**TASK STATEMENT**
Would you please return only the lines from the one with "Vintage Ultra High" through the last line of the records below, leaving the pictures out?

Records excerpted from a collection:
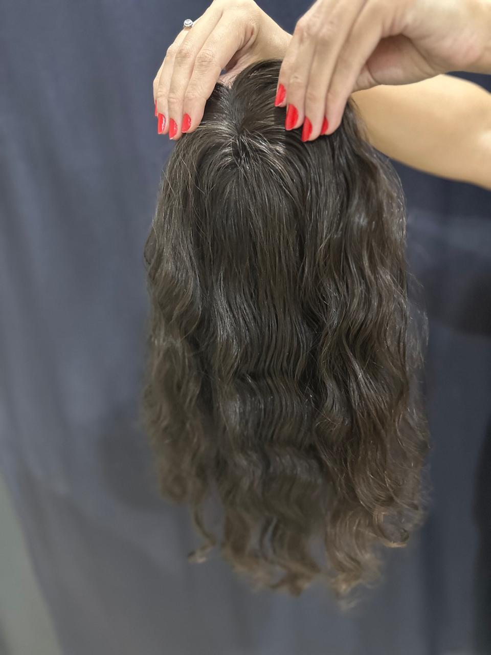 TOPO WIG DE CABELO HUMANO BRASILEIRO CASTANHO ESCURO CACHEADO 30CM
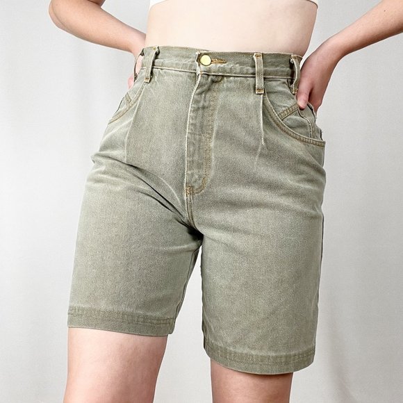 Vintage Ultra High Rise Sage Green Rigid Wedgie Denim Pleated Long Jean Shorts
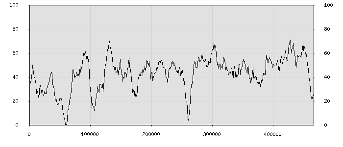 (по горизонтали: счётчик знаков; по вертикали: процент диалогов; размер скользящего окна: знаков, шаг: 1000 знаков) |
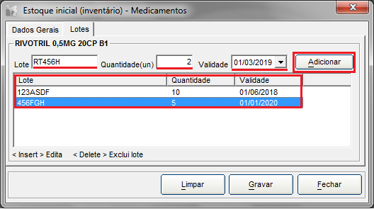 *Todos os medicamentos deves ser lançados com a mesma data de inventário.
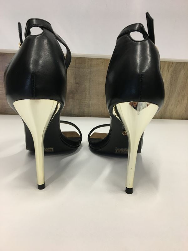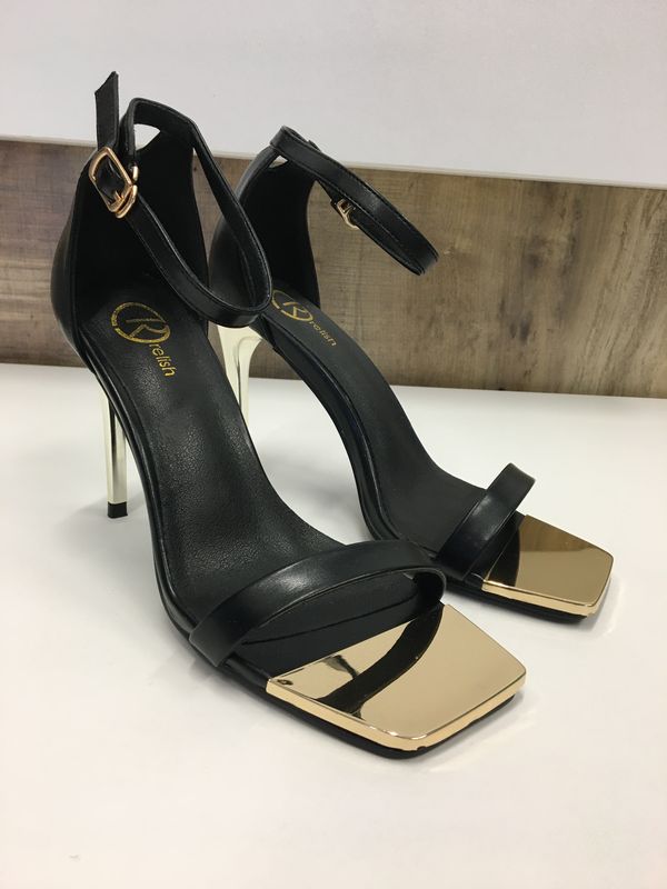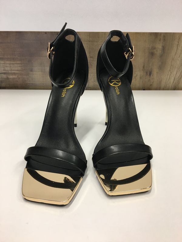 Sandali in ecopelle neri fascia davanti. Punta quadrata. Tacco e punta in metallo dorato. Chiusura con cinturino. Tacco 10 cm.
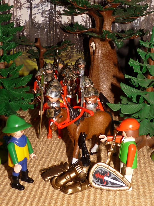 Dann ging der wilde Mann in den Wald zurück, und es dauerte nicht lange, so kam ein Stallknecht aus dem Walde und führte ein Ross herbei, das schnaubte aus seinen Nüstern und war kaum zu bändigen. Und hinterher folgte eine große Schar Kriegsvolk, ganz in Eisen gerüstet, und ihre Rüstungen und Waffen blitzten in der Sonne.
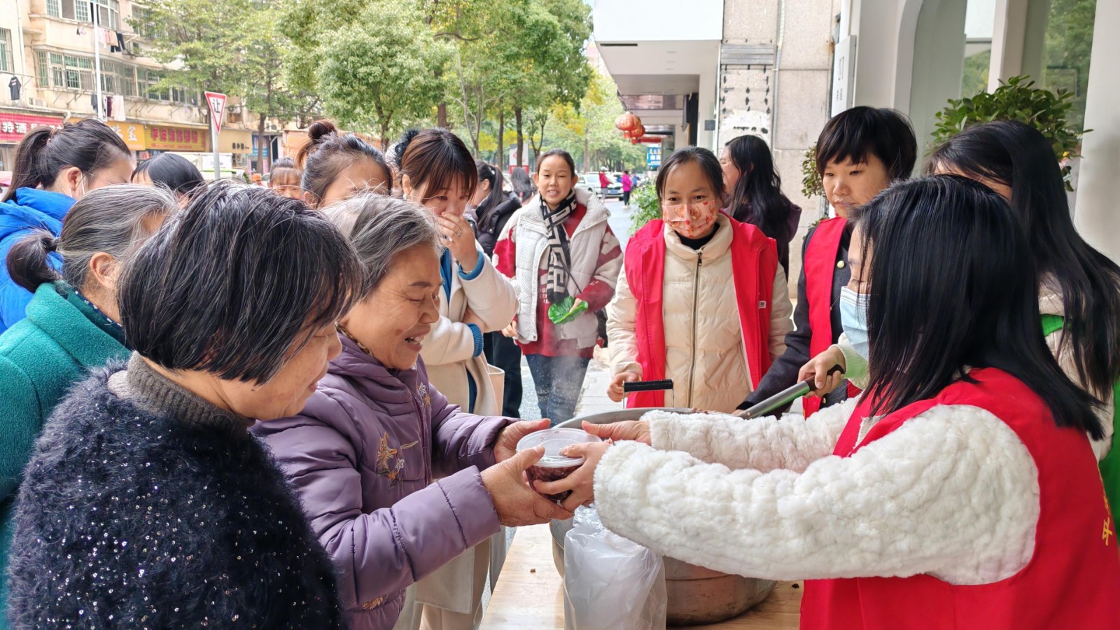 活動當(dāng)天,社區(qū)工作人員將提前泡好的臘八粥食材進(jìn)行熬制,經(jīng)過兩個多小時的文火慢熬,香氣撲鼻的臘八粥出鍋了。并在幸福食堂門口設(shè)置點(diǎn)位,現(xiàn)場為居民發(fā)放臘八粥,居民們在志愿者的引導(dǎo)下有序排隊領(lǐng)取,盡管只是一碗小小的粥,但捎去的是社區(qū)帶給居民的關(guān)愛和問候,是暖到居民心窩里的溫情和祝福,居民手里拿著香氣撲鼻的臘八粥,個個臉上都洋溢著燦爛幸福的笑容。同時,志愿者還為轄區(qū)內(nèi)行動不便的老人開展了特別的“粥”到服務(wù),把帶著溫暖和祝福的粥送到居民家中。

**SOLUTION FOR THIS EXERCISE**
 Vintage Ultra High Rise Sage Green Rigid Wedgie Denim Pleated Long Jean Shorts
 (по горизонтали: счётчик знаков; по вертикали: процент диалогов; размер скользящего окна: знаков, шаг: 1000 знаков) |
 *Todos os medicamentos deves ser lançados com a mesma data de inventário.
 Sandali in ecopelle neri fascia davanti. Punta quadrata. Tacco e punta in metallo dorato. Chiusura con cinturino. Tacco 10 cm.
 Dann ging der wilde Mann in den Wald zurück, und es dauerte nicht lange, so kam ein Stallknecht aus dem Walde und führte ein Ross herbei, das schnaubte aus seinen Nüstern und war kaum zu bändigen. Und hinterher folgte eine große Schar Kriegsvolk, ganz in Eisen gerüstet, und ihre Rüstungen und Waffen blitzten in der Sonne.
 活動當(dāng)天,社區(qū)工作人員將提前泡好的臘八粥食材進(jìn)行熬制,經(jīng)過兩個多小時的文火慢熬,香氣撲鼻的臘八粥出鍋了。并在幸福食堂門口設(shè)置點(diǎn)位,現(xiàn)場為居民發(fā)放臘八粥,居民們在志愿者的引導(dǎo)下有序排隊領(lǐng)取,盡管只是一碗小小的粥,但捎去的是社區(qū)帶給居民的關(guān)愛和問候,是暖到居民心窩里的溫情和祝福,居民手里拿著香氣撲鼻的臘八粥,個個臉上都洋溢著燦爛幸福的笑容。同時,志愿者還為轄區(qū)內(nèi)行動不便的老人開展了特別的“粥”到服務(wù),把帶著溫暖和祝福的粥送到居民家中。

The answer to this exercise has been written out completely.